La ministre du Logement, Emmanuelle Wargon, s'est prise la semaine dernière une volée de bois vert car elle était soupçonnée de vouloir supprimer l'un des fondamentaux de l'imaginaire français : l'accès à la propriété d'un pavillon avec jardin. Elle tirait les conclusions d'un rapport, "Habiter la France demain", qui portait sur l'évolution de l'aménagement du territoire à l'avenir pour répondre à l'urgence de réduire les émissions de gaz à effet de serre (GES) et ainsi lutter contre le réchauffement climatique.
70% des émissions
Elle trouvera un certain réconfort à la lecture du dernier rapport publié par la Banque mondiale sur les perspectives des marchés des matières premières. Les experts de l'institution internationale y ont en effet consacré un dossier spécial sur le rapport entre l'urbanisation et la demande de produits de base (énergie, métaux et denrées alimentaires). L'enjeu est important pour lutter contre le réchauffement climatique. Les villes émettent à elles seules 70% des émissions de gaz à effet de serre (GES). Par ailleurs, l'envolée des prix de l'énergie et des métaux cette année qui alimentent l'inflation conduit à réfléchir à une rationalisation de la demande mondiale pour les prochaines années.
Or, durant les 50 dernières années, la part de la population mondiale urbanisée est passée de 37% à 56%, avec une poussée encore plus spectaculaire pour les économies émergentes où elle bondit de 27% à 52%, et spectaculairement en Chine où le taux d'urbanisation s'est envolé de 17% à 61%. Et la tendance ne devrait pas ralentir puisqu'elle devrait atteindre 68% de la population mondiale à l'horizon 2050.
Ce point est d'autant plus important que la demande de matières premières est corrélée à la croissance de la population et des revenus qui sont plus attractifs dans les villes.
De fait, le niveau de consommation de produits de base évolue étroitement avec le taux d'urbanisation. Dans les économies développées, un taux de 80% d'urbanisation correspond à une consommation d'énergie d'un peu plus de 3,5 tonnes d'équivalent pétrole par individu, de 33 kg de métaux et de 1,3 tonne de denrées alimentaires. Dans les économies émergentes, un taux d'urbanisation de 65% se traduit par une consommation d'énergie de 1,5 tonne d'équivalent pétrole par individu, de 6 kg de métaux, et de 1 tonne de denrées alimentaires.

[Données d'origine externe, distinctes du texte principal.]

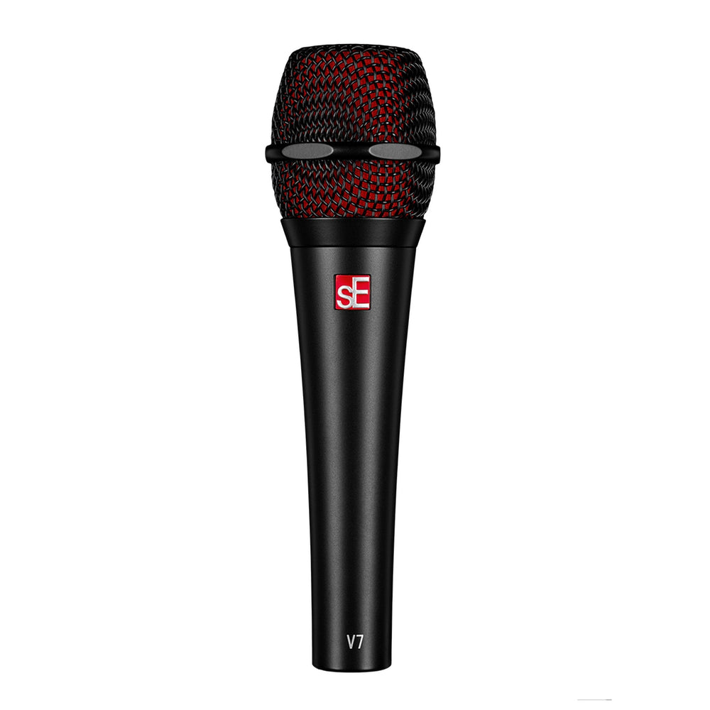 The sE Electronics V7 PTT is a premium dynamic handheld microphone designed for seamless talk-back, paging, and communication in live sound environments. Engineered with a noiseless Push-To-Talk (PTT) button, it ensures effortless operation while maintaining exceptional audio clarity. Its rugged construction, featuring an all-metal housing and beveled spring steel grille, is built to withstand rigorous use in professional settings.

Des trajets moins longs et moins coûteux
Or, "les villes à forte densité de population, en particulier dans les économies avancées, pourraient se caractériser par une demande d'énergie par habitant plus faible que celles moins densément peuplées", souligne la Banque mondiale. Évidemment, une telle économie favorable à la réduction des GES dépend du mode de développement de cette urbanisation. Par exemple, les trajets en milieu urbain pour se rendre au travail peuvent être moins longs et moins coûteux, notamment grâce aux transports en commun, par rapport aux déplacements individuels dans les zones rurales. Mais, pour obtenir pleinement ces effets positifs, l'aménagement de la ville doit être pensé de telle façon à ne pas créer des embouteillages monstres qui paralysent aujourd'hui la circulation dans certaines mégapoles des pays émergents.
Quant à l'ensemble des produits de base, "l'urbanisation permet potentiellement de réduire cette consommation grâce aux économies d'échelle et une meilleure efficience de l'emploi de ces produits", souligne le rapport qui considère que désormais "les villes sont à l'avant-garde du changement climatique". Un conclusion qui rejoint les préoccupations exprimées par Emmanuelle Wargon : "Nous devons gagner la bataille culturelle qui consiste à préférer l'intense à l'étalement, le collectif à l'individuel, la sobriété foncière à l'artificialisation des terres naturelles".